§ Required work: Reproduce from the records below, with no pictures, exactly the lines between the one containing "If Chuck Connors" and the one containing "Replica blunder bust", inclusive.

§ Supplied data:
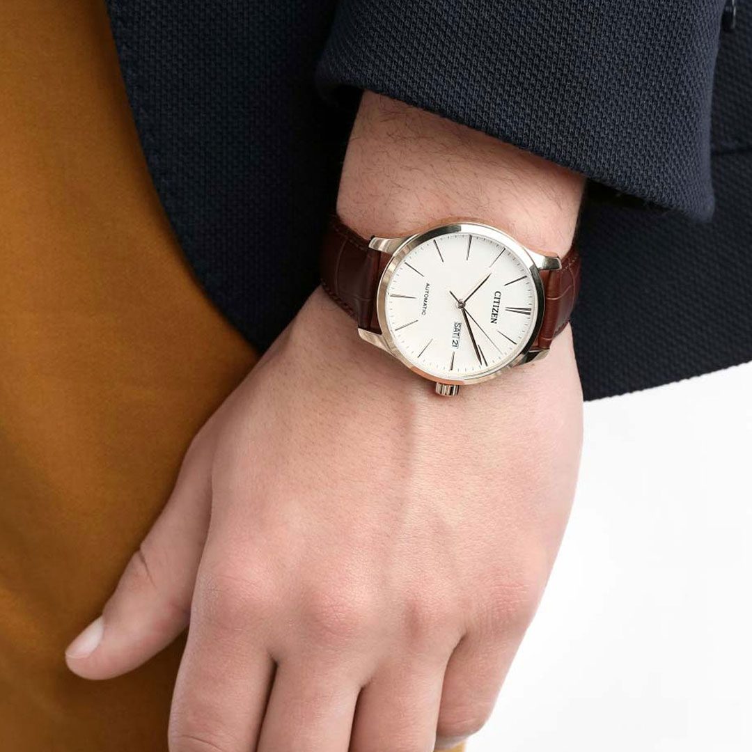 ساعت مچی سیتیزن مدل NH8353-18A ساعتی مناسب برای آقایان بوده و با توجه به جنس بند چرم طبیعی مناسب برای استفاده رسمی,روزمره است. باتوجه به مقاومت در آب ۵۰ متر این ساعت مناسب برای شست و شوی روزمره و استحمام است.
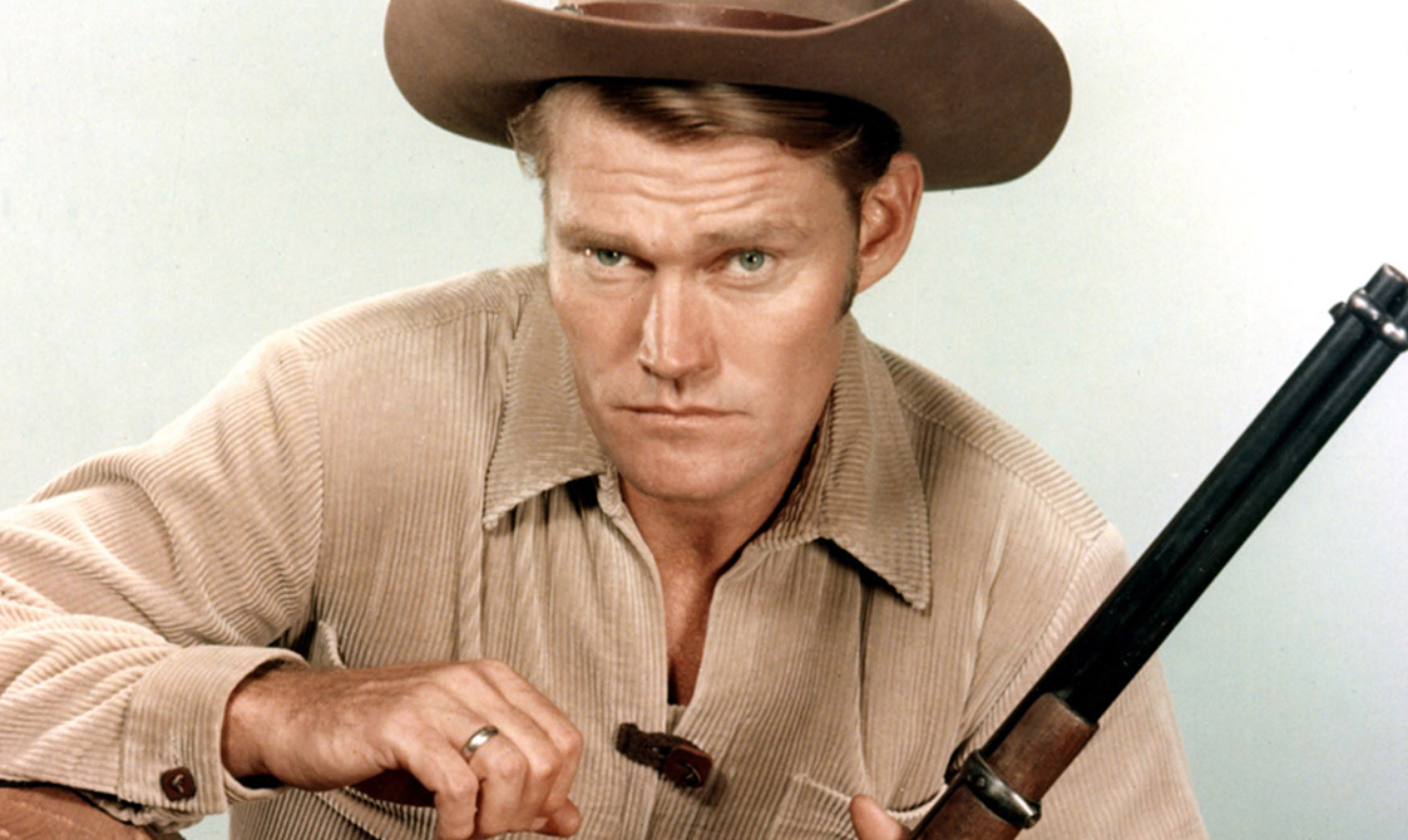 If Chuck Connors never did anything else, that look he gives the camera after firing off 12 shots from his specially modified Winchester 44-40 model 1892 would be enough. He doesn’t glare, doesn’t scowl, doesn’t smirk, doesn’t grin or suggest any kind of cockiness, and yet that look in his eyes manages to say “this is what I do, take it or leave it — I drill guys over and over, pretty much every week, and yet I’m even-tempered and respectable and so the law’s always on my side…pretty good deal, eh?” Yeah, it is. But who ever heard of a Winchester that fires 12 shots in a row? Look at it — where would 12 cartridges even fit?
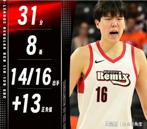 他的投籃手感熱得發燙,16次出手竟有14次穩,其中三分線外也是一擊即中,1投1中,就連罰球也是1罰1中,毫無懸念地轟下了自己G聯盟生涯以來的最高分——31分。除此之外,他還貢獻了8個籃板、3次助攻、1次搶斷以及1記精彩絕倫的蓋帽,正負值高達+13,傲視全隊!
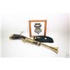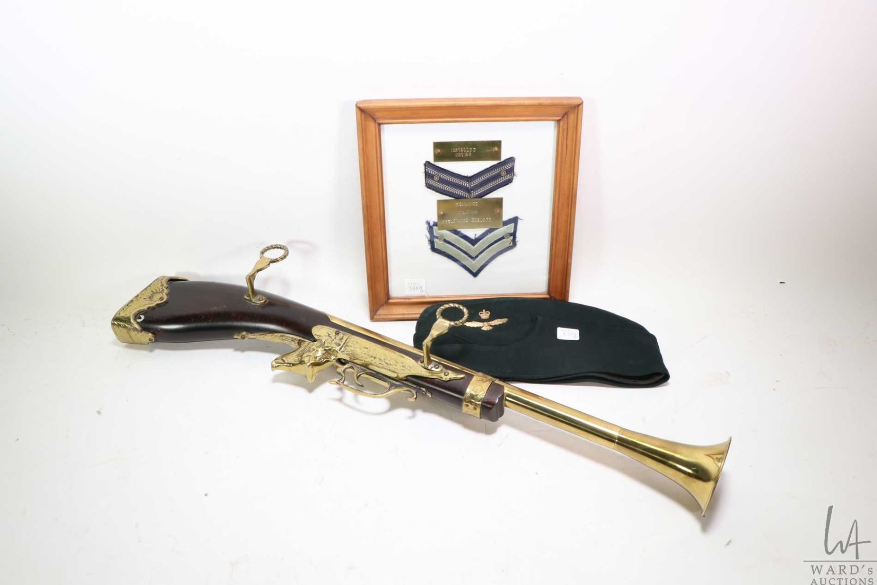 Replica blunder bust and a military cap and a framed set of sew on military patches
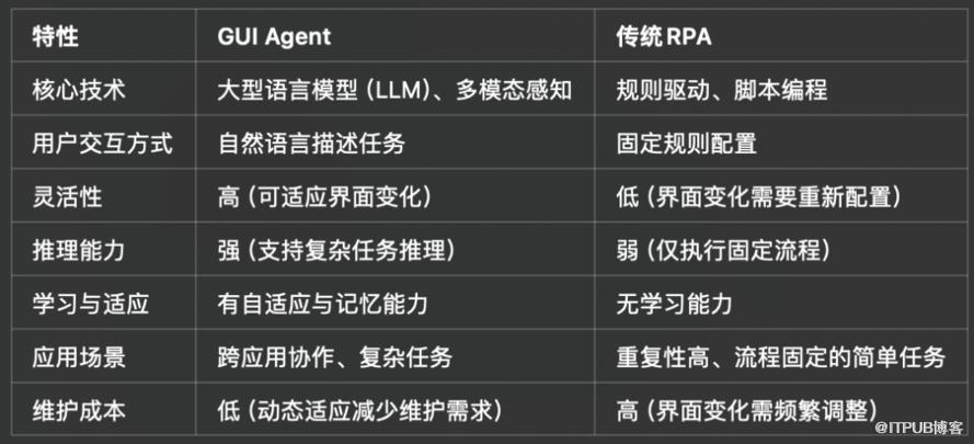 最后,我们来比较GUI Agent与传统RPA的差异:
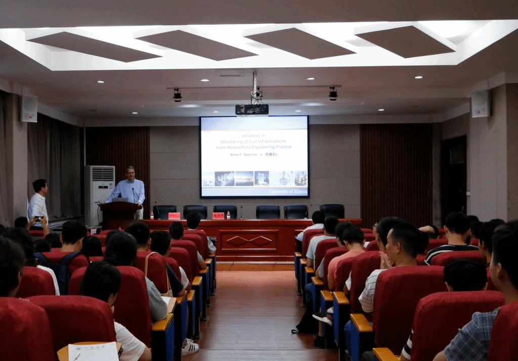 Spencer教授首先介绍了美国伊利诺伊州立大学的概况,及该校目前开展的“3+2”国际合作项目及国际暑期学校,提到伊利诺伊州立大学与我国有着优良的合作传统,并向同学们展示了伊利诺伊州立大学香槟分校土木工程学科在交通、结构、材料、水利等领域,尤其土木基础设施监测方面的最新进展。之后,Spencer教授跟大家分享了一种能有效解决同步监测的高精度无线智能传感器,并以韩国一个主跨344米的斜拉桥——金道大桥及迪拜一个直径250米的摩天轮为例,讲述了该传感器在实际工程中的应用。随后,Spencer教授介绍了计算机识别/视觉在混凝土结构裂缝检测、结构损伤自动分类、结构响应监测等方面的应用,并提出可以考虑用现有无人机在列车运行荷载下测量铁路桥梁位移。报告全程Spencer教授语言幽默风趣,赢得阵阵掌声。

§ Your response:
 If Chuck Connors never did anything else, that look he gives the camera after firing off 12 shots from his specially modified Winchester 44-40 model 1892 would be enough. He doesn’t glare, doesn’t scowl, doesn’t smirk, doesn’t grin or suggest any kind of cockiness, and yet that look in his eyes manages to say “this is what I do, take it or leave it — I drill guys over and over, pretty much every week, and yet I’m even-tempered and respectable and so the law’s always on my side…pretty good deal, eh?” Yeah, it is. But who ever heard of a Winchester that fires 12 shots in a row? Look at it — where would 12 cartridges even fit?
 他的投籃手感熱得發燙,16次出手竟有14次穩,其中三分線外也是一擊即中,1投1中,就連罰球也是1罰1中,毫無懸念地轟下了自己G聯盟生涯以來的最高分——31分。除此之外,他還貢獻了8個籃板、3次助攻、1次搶斷以及1記精彩絕倫的蓋帽,正負值高達+13,傲視全隊!
 Replica blunder bust and a military cap and a framed set of sew on military patches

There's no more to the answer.